熊本工業高校3年生の皆さんが工場見学に来てくれました
先日、熊本工業高校の3年生の皆さんが弊社の熊本工場に見学に来てくれました。

ほとんどの生徒さんが実際に帽子が作られる過程を直接見たのは初めてと話してくれました。皆さんもものづくりの現場の空気や細やかさに、驚きや新鮮さを感じてくれたようです。
中にはものづくりに興味を持っていた生徒さんもおり、想像していたより全然違うという率直な感想もいただきました。
今、ものづくりは「パソコンに頼る時代」と思われがちですが……


しかし実際に帽子をつくる現場では、パソコンだけでは再現できない細かい部分がたくさんあります。
特に弊社の定番であるウールベレー帽は、創始者・橋本繁雄が自作した手横編み機から生まれた製法を今も大切に受け継いでいます。帽体を縫い合わせる工程では、縫い目が美しく揃い、左右のズレを最小限に抑えるため、熟練の職人がリンキング専用機械の針に通して一つひとつ手作業で仕上げています。機械だけでは出せない、人の手ならではの温もりと精度を追求しているのです。
見学に来てくれた生徒の皆さんにも、「手と機械のバランス」を実際に見てもらい、ものづくりの奥深さを感じてもらえたら嬉しいです。
これからの世代に伝えたいこと


パソコンやデジタルに慣れ親しんだ今の時代でも、「デザインする側」だけでなく、製作する側とのコミュニケーション力も非常に重要になると考えています。

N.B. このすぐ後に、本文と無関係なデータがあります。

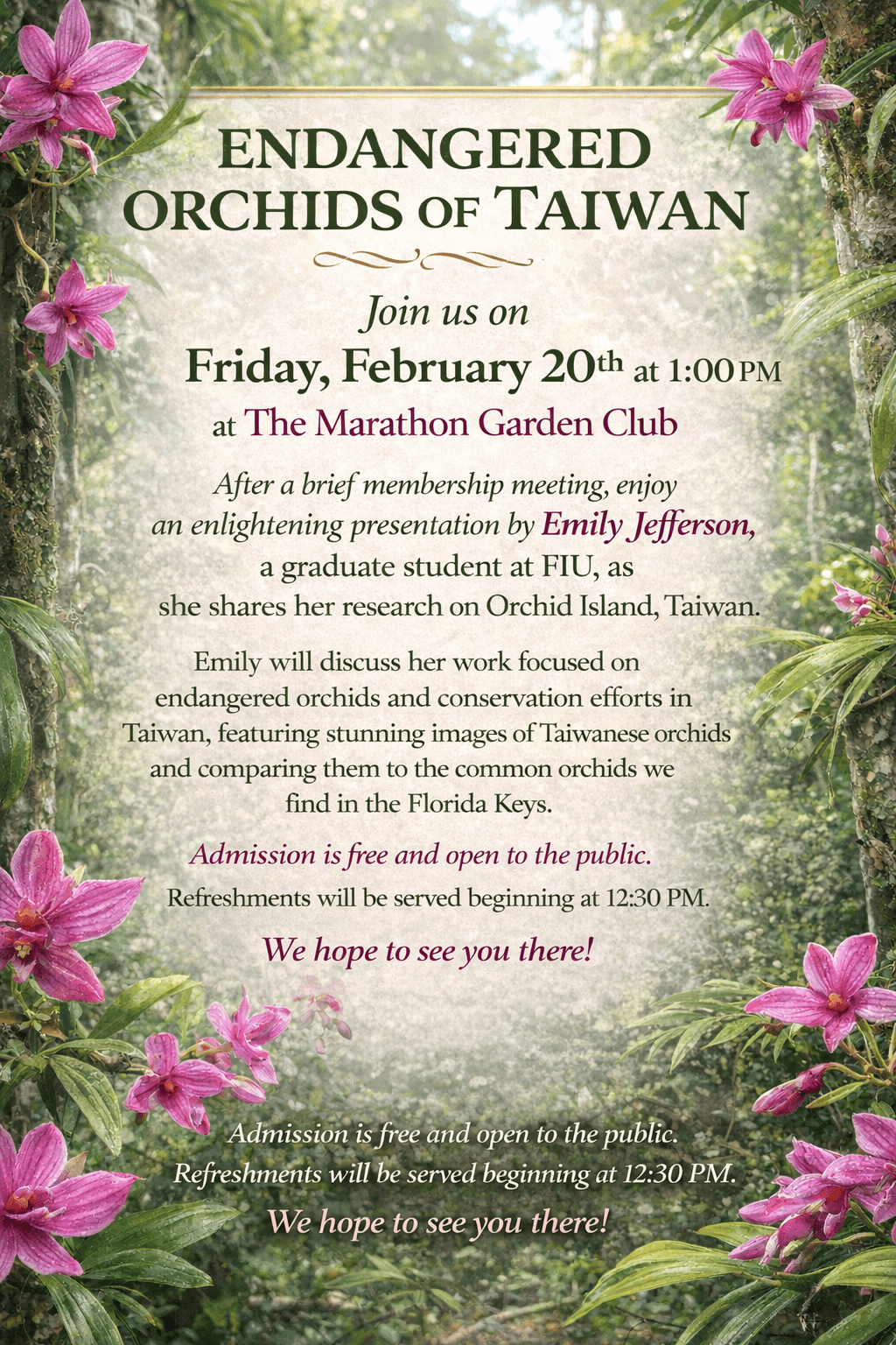 THE MARATHON GARDEN CLUB PRESENTS ENDANGERED ORCHIDS OF TAIWAN

「実際に作れるか」「どうやって作るのか」を理解した上でデザインを考えられるかどうか。それが良い製品を生み出す鍵になると、私たちは信じています。
私たち自身も、ただ帽子を作るだけでなく、ベレー帽の文化を広げていきたいという想いで日々取り組んでいます。

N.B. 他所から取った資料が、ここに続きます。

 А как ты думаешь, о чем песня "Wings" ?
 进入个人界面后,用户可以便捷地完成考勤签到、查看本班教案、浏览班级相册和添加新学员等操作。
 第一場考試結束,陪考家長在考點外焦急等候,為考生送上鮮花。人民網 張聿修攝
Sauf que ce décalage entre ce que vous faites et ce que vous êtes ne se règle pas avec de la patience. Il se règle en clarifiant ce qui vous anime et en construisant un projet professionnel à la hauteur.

よりかぶり心地が良く、選ぶだけで嬉しくなるようなベレー帽を、これからも追求し続けます。
今回の工場見学で、製造業やアパレル業界、特に帽子づくりに少しでも興味を持ってくれた生徒さんがいれば、これ以上嬉しいことはありません。
たとえすぐにこの道を選ばなくても、「帽子づくりの現場ってこんなところなんだ」と知ってもらえただけで、私たちにとっては大きな意義があります。